Practical Applications

Applying this metric knowledge to real-world health decisions involves several practical considerations. First, obtain accurate measurements under appropriate conditions. Second, compare your values to demographic-matched benchmarks. Third, consider trends over time rather than isolated values. Fourth, discuss findings with healthcare providers who can integrate this metric with your complete health picture. Fifth, if warranted, take evidence-based actions to optimize your this metric through lifestyle modifications or medical interventions.

🇩🇪 Regionale Gesundheitsdaten: Deutschland

Verifizierte Daten aus offiziellen Quellen

Die deutschen Daten stammen aus der DEGS1-Studie (Studie zur Gesundheit Erwachsener in Deutschland) des Robert Koch-Instituts mit über 7.000 gemessenen Teilnehmern.

Das deutsche Gesundheitssystem bietet universelle Krankenversicherung mit regelmäßigen Vorsorgeuntersuchungen und Gesundheits-Check-ups.

Offizielle Daten von Robert Koch-Institut ↗

Hinweis: Primärdaten stammen von CDC NHANES (USA). Lokale Statistiken stammen aus offiziellen nationalen Gesundheitserhebungen. (2024-01)

📊Data Transparency & Sources

Sources & References

Source Citation

Source:CDC NHANES 2017-2020
Year:2017-2020
Population:18-29 Male (All)
Evidence Level:Level 1 (nationally representative survey)
View Original Source →

Frequently Asked Questions

Is my this metric within normal limits?

Normal this metric encompasses a range of values that varies by demographic group. For individuals aged 18-29, Male, All population, the median value is 19. Values between the 5th and 95th percentiles (6.7 to 31.3) represent normal variation. Using demographic-matched benchmarks ensures appropriate comparison.

How should I interpret my this metric percentile?

Percentiles show where your this metric falls relative to others in your demographic group. At the 50th percentile (19), half the population is above and half below. Between the 25th (13.9) and 75th (24.1) percentiles represents the middle half of the distribution—where most healthy values fall. Percentiles at extreme ends (below 5th or above 95th) are less common but not necessarily abnormal. Context matters for interpretation.

Is it possible to change my this metric?

this metric can change over time due to age-related processes, lifestyle modifications, health conditions, and interventions. Some factors are relatively fixed (like genetics), while others respond to deliberate changes (like exercise or diet). In the 18-29 age range, age-related changes may be occurring. Tracking your this metric over time reveals personal trends that provide valuable health information. Consistent measurement conditions enable meaningful comparison of values over time.

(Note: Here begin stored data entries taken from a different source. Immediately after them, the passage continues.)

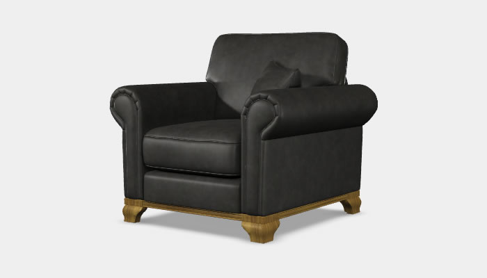 Wood Bros Lavenham Leather Armchair The Wood Bros Lavenham armchair is a traditional style chair which features generous scroll arms and a wooden plinth. Available in a range of quality leathers, optional soft leather custom piping trim and legs in a selection of wood finishes.
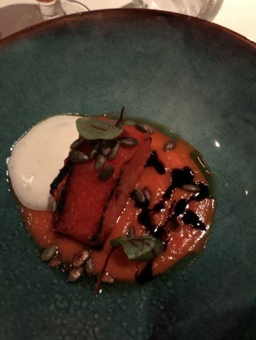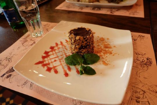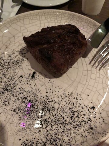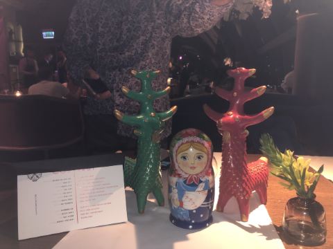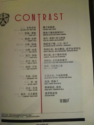 White Rabbit我通过携程订座,到餐厅后因为着装(运动装)不合格而被拒绝入内,行前我还问了携程订座客服餐厅对着装是否有要求,客服回答没有要求,这下尴尬了。不得不到楼下花了4000多卢布买了衬衫和裤子,穿好后才被允许入内,事后携程订座客服将订餐费退给我,还报销我的服装费。 餐厅有中文菜单,我们没有按携程推荐的点菜,而是选了菜单首页的套餐(10000卢布/人),味道重,有点偏咸,但总的来说味道不错,很有特色。餐厅环境很好,可以俯瞰莫斯科夜景。服务不错(小费另收了970卢布),但无人懂汉语(还好我们带了讯飞翻译机),且上菜速度慢,我们花了4个小时吃饭(这点他们已事先告知)。如果不点套餐,上菜速度会快些。 总之,很棒的体验,是我们在莫斯科难忘的一餐。
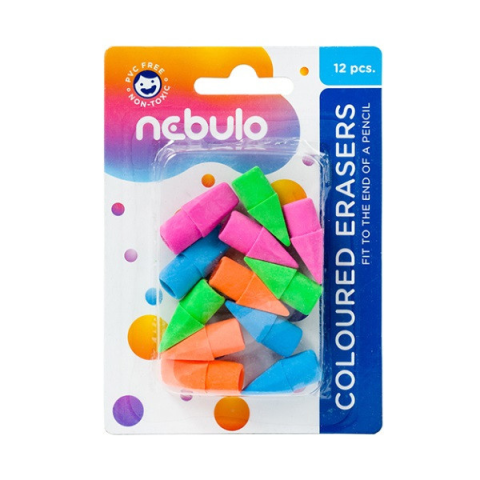A ceruza végére húzható színes radírok. 12 db-os készlet. PVC mentes, egészségre káros anyagot nem tartalmaz. 1 db radír mérete: 2,6*1,3*1,2 mm Katalóguskód: 32240 Hiteles tájékoztatás: Elkötelezettek vagyunk termékeink biztonságának garantálásáért
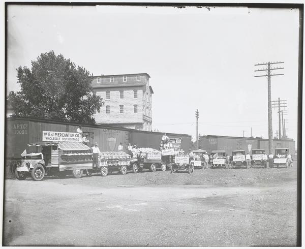 E and J Mercan.. Tile Company Trucks Displaying Produce in Front of Railroad Cars
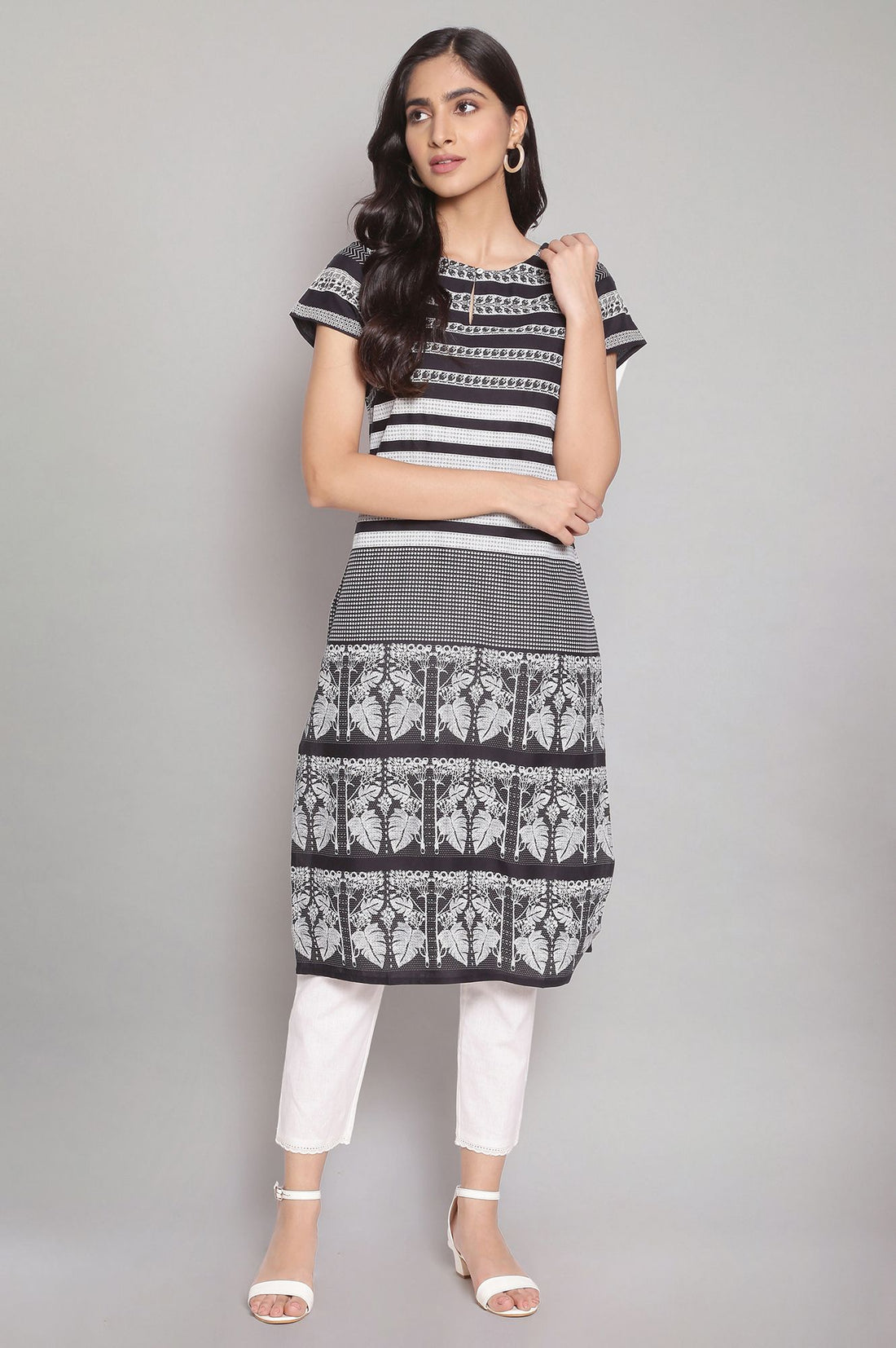 Black coloured woven striped straight kurta that has a round neck key hole neckline with button and cap sleeves.

Should I worry about my this metric measurement?

Consider discussing your this metric with a healthcare provider if: values fall significantly outside normal range (below 5th or above 95th percentile), you've noticed substantial changes over time, values are associated with symptoms, or you have questions about health implications. Being at a percentile extreme doesn't automatically indicate problems—many healthy individuals naturally fall at distribution tails. Clinical significance depends on context, symptoms, and other health factors. Healthcare providers can offer personalized interpretation.

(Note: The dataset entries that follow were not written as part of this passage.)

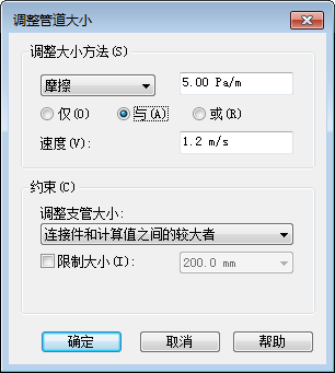 使用“调整管道大小”对话框中的选项,可以选择方法本身(选择“仅”),或选择与其他方法组合(选择“与”或“或”)。
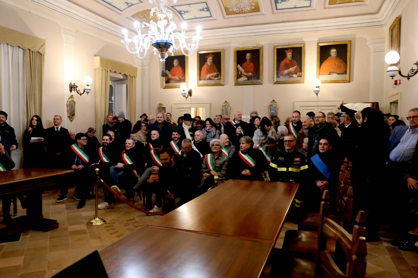 Oggi, sabato 6 dicembre, Loro Piceno ha vissuto una giornata di forte valore simbolico e istituzionale con l’inaugurazione del palazzo comunale dopo il lungo e complesso intervento di ristrutturazione post sisma. Alla cerimonia, molto partecipata, erano presenti numerosi sindaci del territorio, il commissario straordinario alla ricostruzione Guido Castelli e il presidente dell’Unione Montana Monti Azzurri Gianpiero Feliciotti. Ad accogliere le autorità e i cittadini è stato il sindaco Robertino Paoloni che, con visibile commozione, ha restituito alla comunità la casa comunale completamente rinnovata, nel cuore del centro storico.
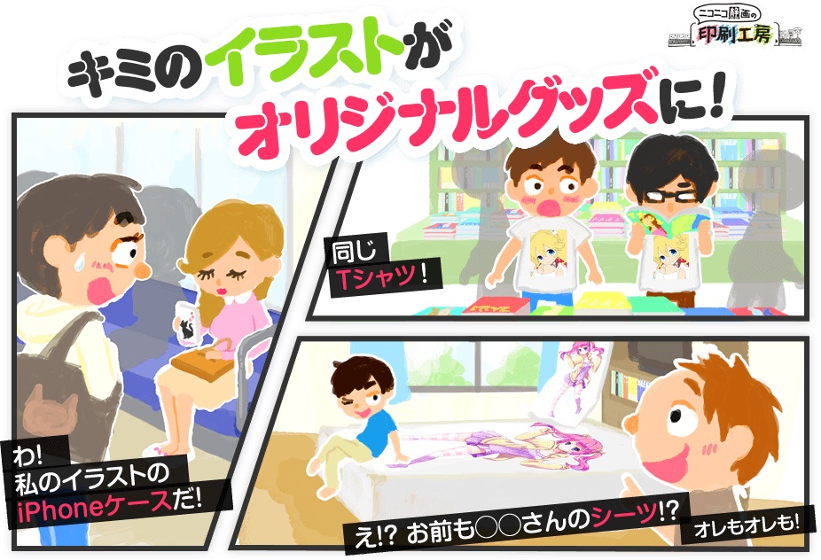 關於獎勵創作者的部分,NicoNico 生放送以及 NicoNi 立體也將列入獎勵內容,截至目前為止已經有 11 位創作者獲得超過 1 千萬日圓的獎勵,獲得 500 萬以上的創作者也有 18 位。此外,針對創作者的部分,官方預計將於 5 月 1 日起推出全新服務「NicoNico 靜畫 印刷工房」,當民眾在靜畫區看到心儀的作品、而創作者有將該部作品登錄到印刷工房時,就可以選擇把作品製作為 T 恤、手機殼、抱枕等週邊,並且寄送到家中,其中商品 10% 金額會播給創作者作為收入。

What explains ethnic variation in this metric?

this metric values differ across ethnic groups due to genetic, environmental, and lifestyle factors. All populations show characteristic patterns that reflect population-specific genetics, dietary traditions, activity patterns, and environmental influences. These differences are normal and expected—not indicators of better or worse health. Using All-specific reference data ensures your comparison reflects meaningful variation rather than expected population differences. This demographic specificity improves the accuracy and relevance of health assessment.